* Exercise prompt *
What are the lines below, starting at the line containing "A digital representation" and ending at the line containing "영동읍 영동복합문화예술회관에서 열린다."? Write them out exactly, ends included, without pictures.

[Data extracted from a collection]
[Start of Attachment]
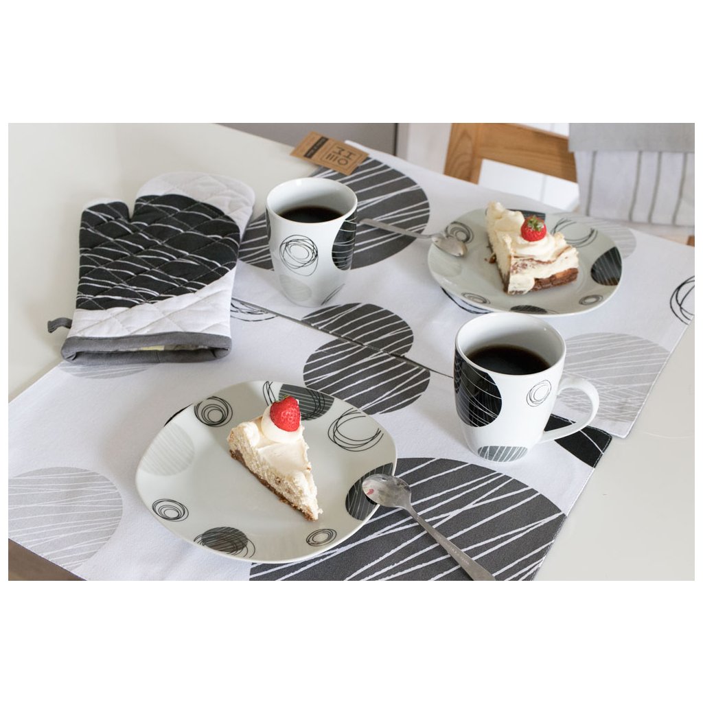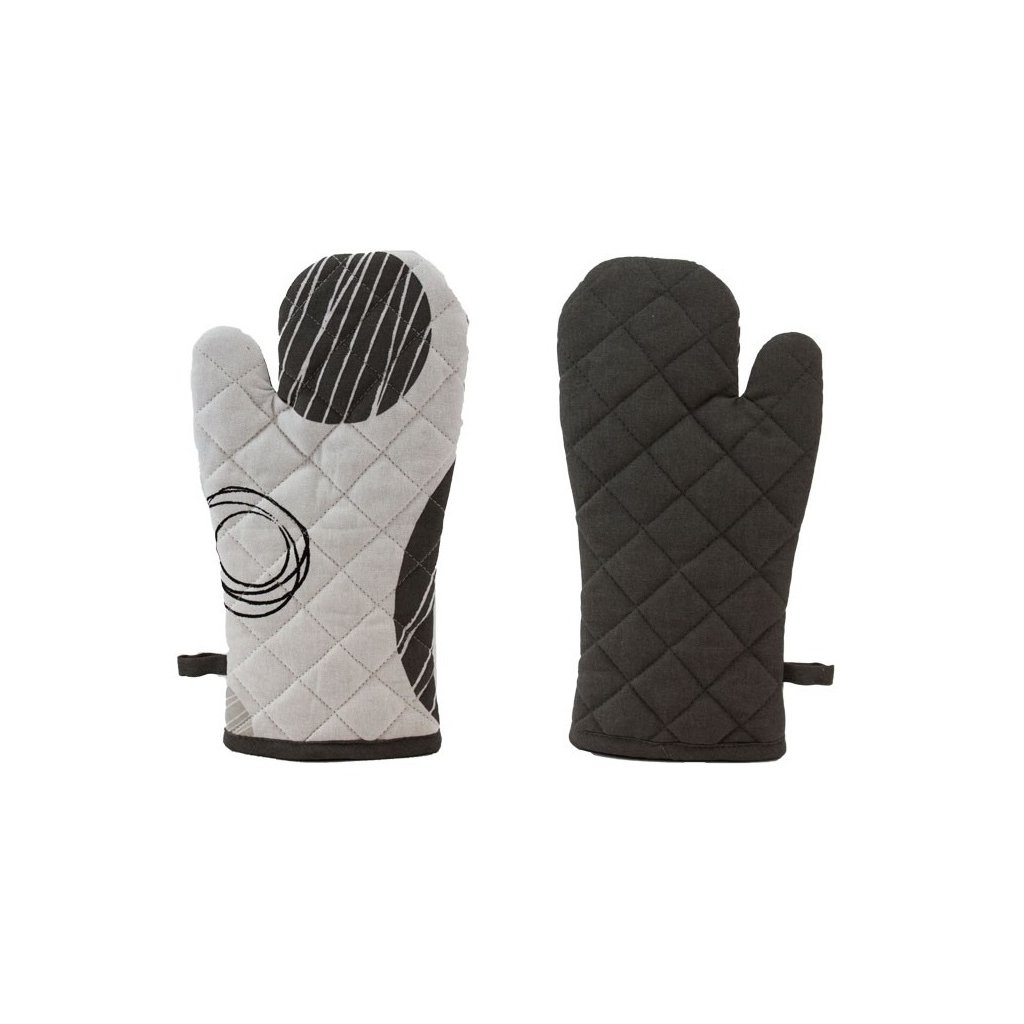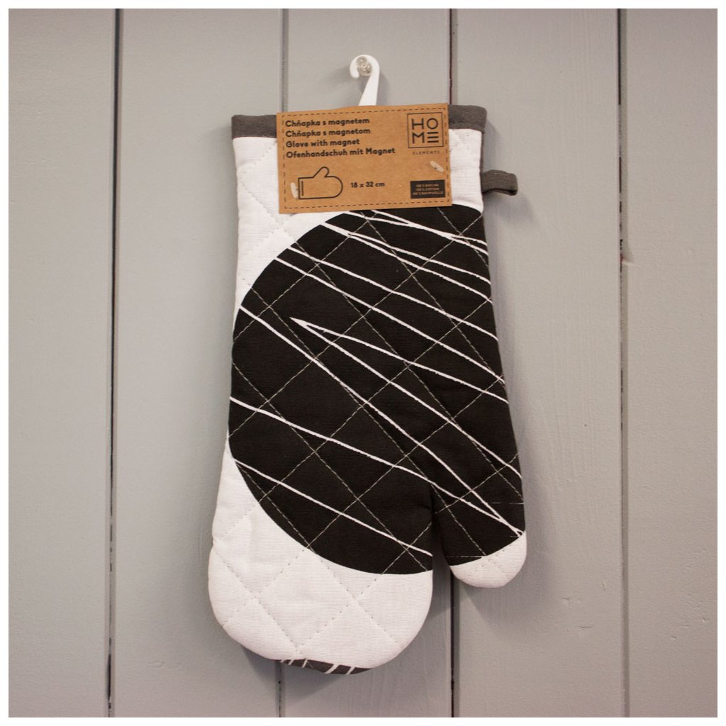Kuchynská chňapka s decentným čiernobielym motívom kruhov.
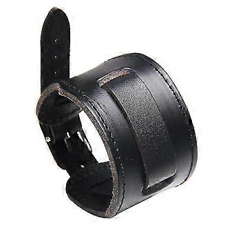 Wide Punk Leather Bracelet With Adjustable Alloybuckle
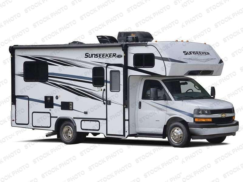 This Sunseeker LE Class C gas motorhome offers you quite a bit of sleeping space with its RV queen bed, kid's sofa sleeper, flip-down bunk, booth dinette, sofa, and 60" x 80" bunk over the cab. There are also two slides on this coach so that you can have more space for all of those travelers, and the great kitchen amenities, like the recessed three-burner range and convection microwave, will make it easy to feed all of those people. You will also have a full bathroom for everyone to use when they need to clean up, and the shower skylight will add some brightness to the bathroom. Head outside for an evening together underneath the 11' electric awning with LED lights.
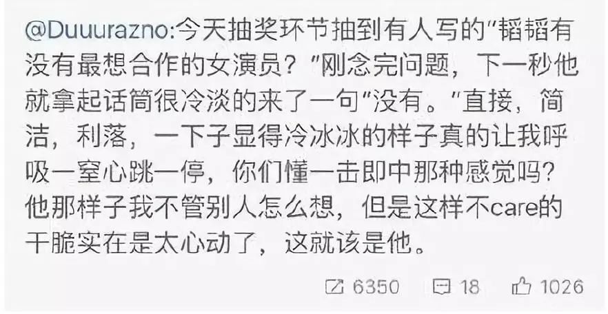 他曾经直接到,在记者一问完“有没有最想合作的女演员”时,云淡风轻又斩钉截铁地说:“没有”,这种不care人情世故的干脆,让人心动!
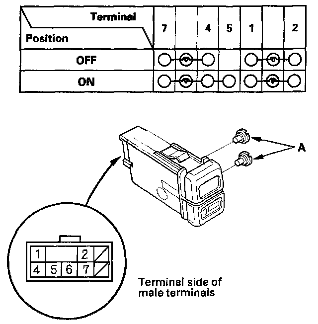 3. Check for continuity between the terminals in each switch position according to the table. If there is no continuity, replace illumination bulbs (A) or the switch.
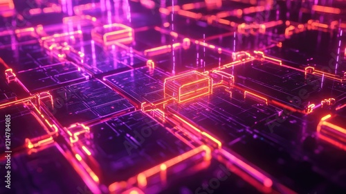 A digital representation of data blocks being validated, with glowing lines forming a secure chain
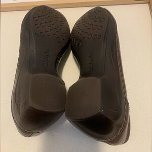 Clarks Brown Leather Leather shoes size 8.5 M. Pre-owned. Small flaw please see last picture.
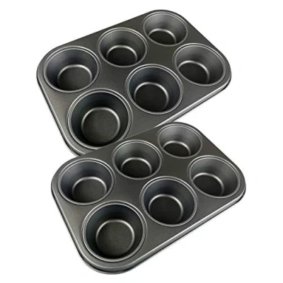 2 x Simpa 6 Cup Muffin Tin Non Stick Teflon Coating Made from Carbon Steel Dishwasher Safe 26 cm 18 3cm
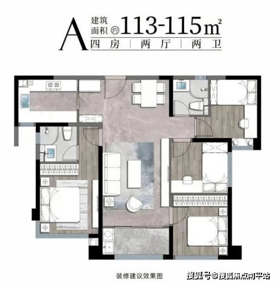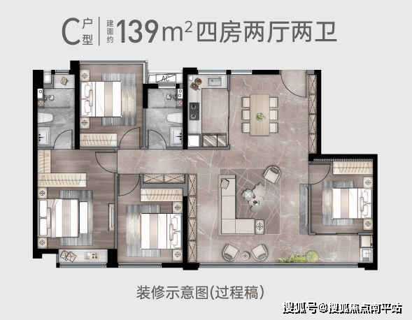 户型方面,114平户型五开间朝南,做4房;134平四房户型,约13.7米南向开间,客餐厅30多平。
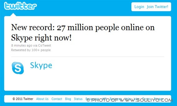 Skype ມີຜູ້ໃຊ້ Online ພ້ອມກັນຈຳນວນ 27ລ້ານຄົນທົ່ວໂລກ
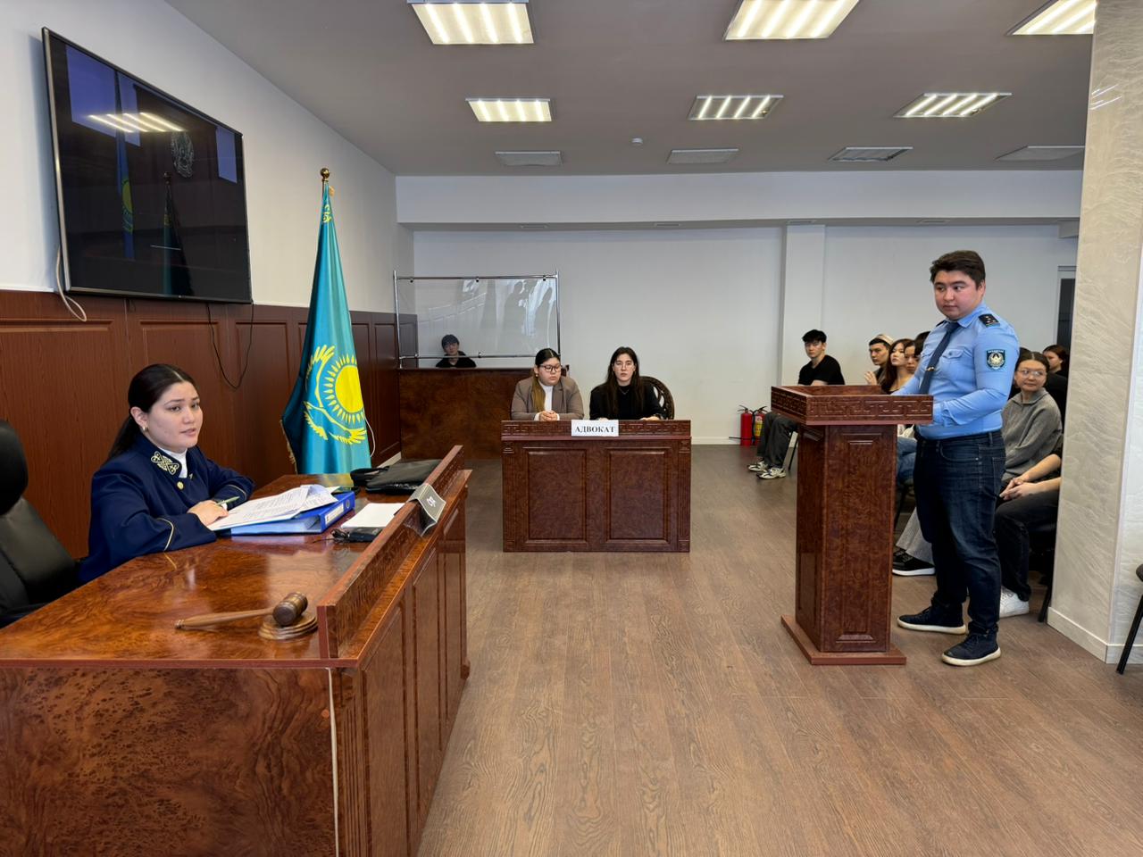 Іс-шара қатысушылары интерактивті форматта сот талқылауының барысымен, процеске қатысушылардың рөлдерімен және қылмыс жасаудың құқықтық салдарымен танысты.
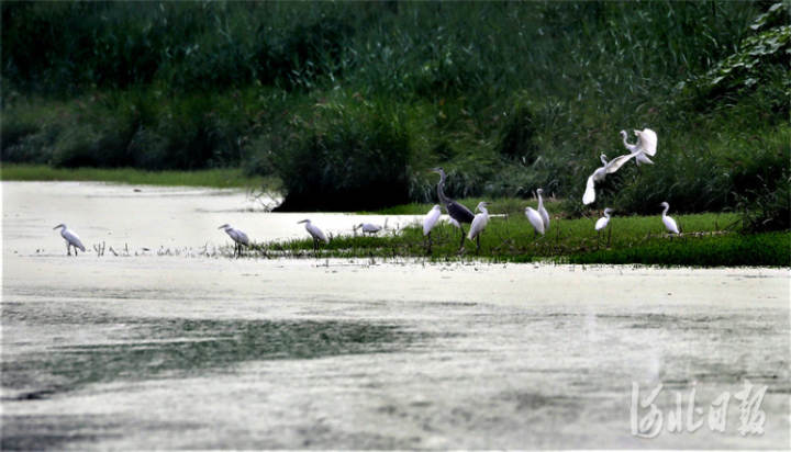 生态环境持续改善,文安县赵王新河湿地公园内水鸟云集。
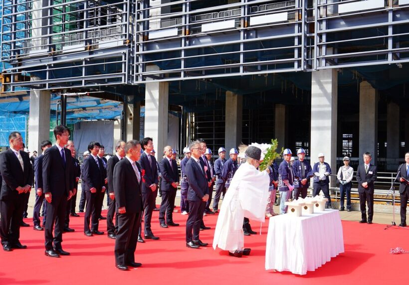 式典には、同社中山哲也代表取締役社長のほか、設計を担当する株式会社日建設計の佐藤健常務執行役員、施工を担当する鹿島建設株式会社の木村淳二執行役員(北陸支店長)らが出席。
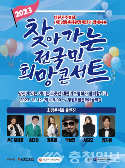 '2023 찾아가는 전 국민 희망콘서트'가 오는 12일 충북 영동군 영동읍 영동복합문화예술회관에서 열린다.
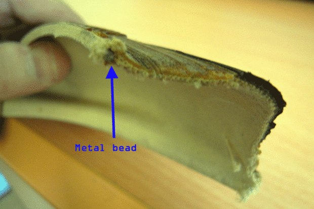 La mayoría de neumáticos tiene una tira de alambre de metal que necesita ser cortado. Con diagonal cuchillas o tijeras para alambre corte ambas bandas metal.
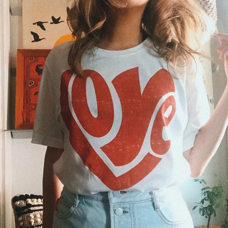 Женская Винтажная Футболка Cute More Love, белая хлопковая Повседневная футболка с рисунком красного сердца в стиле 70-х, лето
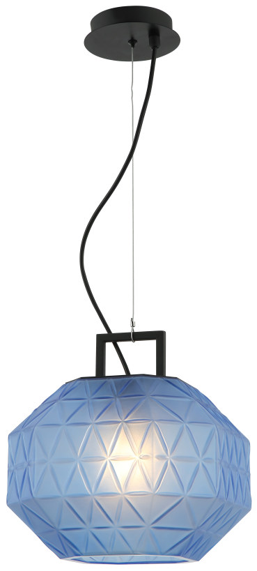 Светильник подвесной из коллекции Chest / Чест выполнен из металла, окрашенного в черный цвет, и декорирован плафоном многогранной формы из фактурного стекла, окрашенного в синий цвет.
[End of Attachment]
* Response to the task *
 A digital representation of data blocks being validated, with glowing lines forming a secure chain
 Clarks Brown Leather Leather shoes size 8.5 M. Pre-owned. Small flaw please see last picture.
 2 x Simpa 6 Cup Muffin Tin Non Stick Teflon Coating Made from Carbon Steel Dishwasher Safe 26 cm 18 3cm
 户型方面,114平户型五开间朝南,做4房;134平四房户型,约13.7米南向开间,客餐厅30多平。
 Skype ມີຜູ້ໃຊ້ Online ພ້ອມກັນຈຳນວນ 27ລ້ານຄົນທົ່ວໂລກ
 Іс-шара қатысушылары интерактивті форматта сот талқылауының барысымен, процеске қатысушылардың рөлдерімен және қылмыс жасаудың құқықтық салдарымен танысты.
 生态环境持续改善,文安县赵王新河湿地公园内水鸟云集。
 式典には、同社中山哲也代表取締役社長のほか、設計を担当する株式会社日建設計の佐藤健常務執行役員、施工を担当する鹿島建設株式会社の木村淳二執行役員(北陸支店長)らが出席。
 '2023 찾아가는 전 국민 희망콘서트'가 오는 12일 충북 영동군 영동읍 영동복합문화예술회관에서 열린다.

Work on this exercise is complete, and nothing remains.